Fed economists Fang Cai, Hyunsoo Joo, and Zhiwei Zhang in their new paper say:
This paper utilizes a unique high-frequency database to measure how exchange rates in nine emerging markets react to macroeconomic news in the U.S. and domestic economies from 2000 to 2006. We find that major U.S. macroeconomic news have a strong impact on the returns and volatilities of emerging market exchange rates, but many domestic news do not. Emerging market currencies have become more sensitive to U.S. news in recent years. We also find that market sentiment could sway the impact of news on these currencies systematically, as good (bad) news seems to matter more when optimism (pessimism) prevails. Market uncertainty also interacts with macroeconomic news in a statistically significant way, but its role varies across currencies and news.
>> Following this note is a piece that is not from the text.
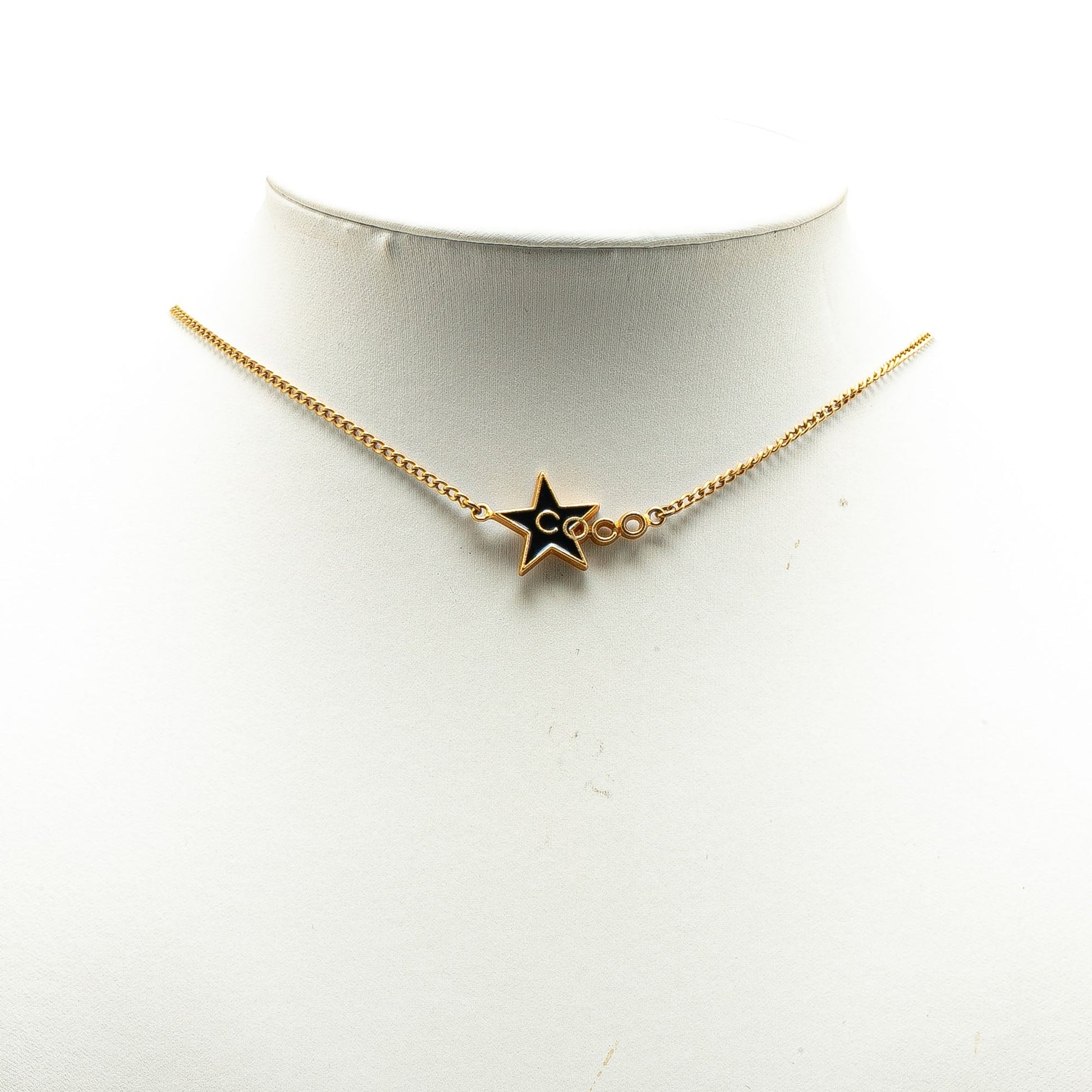 Gold Chanel Gold Plated and Enamel Coco Star Necklace

In sum foreign currency of the selected emerging econ reacts more to US eco data/ news compared to domestic eco data/ news. The researched countries are: Czech Republic, Hungary, Indonesia, Koreea, Mexico, Poland, South Africa, Thailand and Turkey. Barring Thailand and Turkey, all currencies react more strongly to US news and the connections is getting stronger. They add it is first such paper to track the impact on these 9 countries
I am not surprised by the results. The oppposite results would have been more surprising. Seeing the way Indian markets react to everything US, the results are expected to be same for other emerging economies. Similar paper on India would be highly welcome.